In the presence of the DSB, the distribution of research findings would be systematically wrong in the long run, and in particular, slow to detect changes in the properties of phenomena being sampled.  Let’s assume that due to a change in nutrition, the true height of existing Smurf populations is now 2.8 apples high, but that the historically expected height is 3 apples high.  According to the DSB, researchers will more carefully scrutinize findings that do not conform to their expectation (in this case, 3 apples), which means that there will be more ‘3 apple’ study results than there should be due to simple random error.  As a result, any meta-analysis of these research findings will be biased to find the average Smurf height as higher than 2.8, and the crisis in Smurf malnutrition might never be detected.

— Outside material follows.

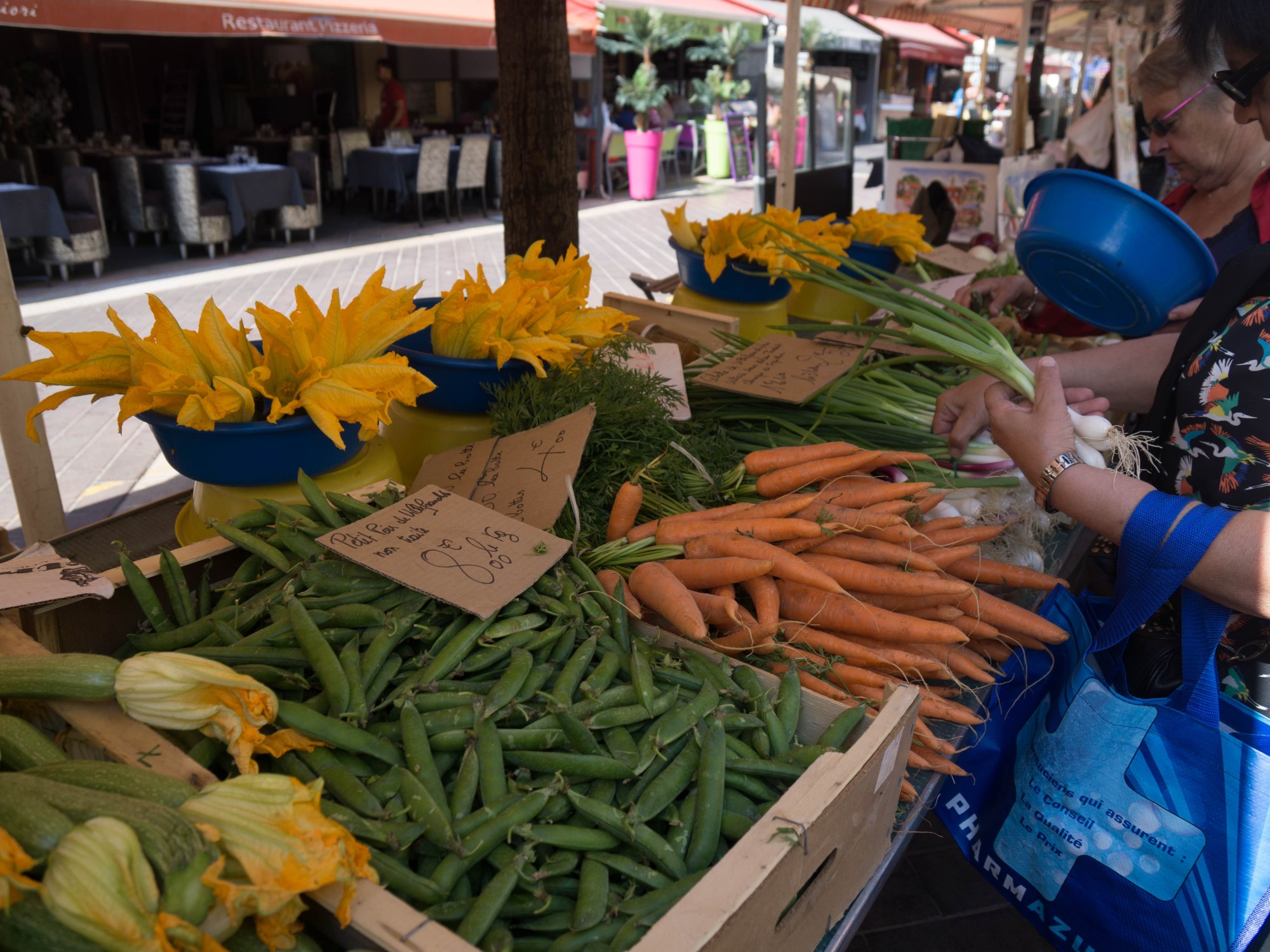 Today I had a bit of a surprise for Becky as I had booked a few months ago a cooking class and market tour with a lady named Rosa Jackson who is a food blogger and writer and 10 year Nice resident. We met up with Rosa and the rest of the class (2 New Yorkers, 1 Californian, 1 Australian, and 1 from South Africa) and Rosa began to teach us about the history of Nicoise cuisine and general info on selecting items from the market. She showed us ways to tell local versus imported food and also who were direct farmers selling their goods versus the warehouse items, etc. After a stroll through the market where she selected items for our cooking menu we then visited a bakery, wine shop and fromagerie (cheese shop) again selecting items we would use for the meal.

It is hard to know how serious this effect is in practice, but it is a plausible demonstration of how many studies can be combined together and yet still be wrong. We could do things to reduce the impact of DSB, however.  To minimize this effect in my own research I have taken to always doing my analysis first on synthetic data–that is, data with the same structure as my study data, but with randomized or shuffled measurements. This way I resolve most technical and coding errors before I see the results.  It doesn’t entirely eliminate the DSB, but goes part of the way by ensuring that there is a minimum level of scrutiny over the methods before I have any results to look at.

A Tale of N Cities

When highlighting differences between cities, it is strikingly common for social scientists to include the words “a tale of two cities” in the titles of their publications.  Here is a very small sample of the seemingly hundreds of articles out there:

  • Sexual networks and sexually transmitted infections: a tale of two cities
  • Bodies, borders, and sex tourism in a globalized world: A tale of two cities-Amsterdam and Havana
  • Simulating trends in poverty and income inequality on the basis of 1991 and 2001 census data: a tale of two cities
  • A tale of two cities: The miniature frescoes from Thera and the origins of Greek poetry
  • How do predatory lending laws influence mortgage lending in urban areas? a tale of two cities
  • Cardiovascular disease in Edinburgh and north Glasgow–a tale of two cities
  • A tale of two cities: sociotenurial polarisation in London and the South East, 1966-1981
  • The economic incorporation of Mexican immigrants in southern Louisiana: A tale of two cities


Naturally one may ask what titles researchers choose when looking at more than two cities?  Well, it seems they continue to borrow from Dickens:

  • A tale of three cities: persisting high HIV prevalence, risk behaviour and undiagnosed infection in community samples of men who have sex with men.
  • A tale of four cities: intrametropolitan employment distribution in Toronto, Montreal, Vancouver, and Ottawa-Hull, 1981-1996.
  • Declines in minority access: a tale of five cities.
  • Transfer of Water from an International Border Region: A Tale of Six Cities and the All American Canal.
  • The impact of fiscal limitation: A tale of seven cities.
  • Time delays in the diagnosis and treatment of acute myocardial infarction: A tale of eight cities.
  • Aboriginal over-representation in the criminal justice system: A tale of nine cities.
  • A tale of ten cities: the triple ghetto in American religious life.

I couldn’t find any peer-reviewed publications with the title “a tale of eleven cities”, but perhaps it’s just a matter of time.  Happily, there are also minimalist titles out there:

  • Student housing: a cautionary tale of one city.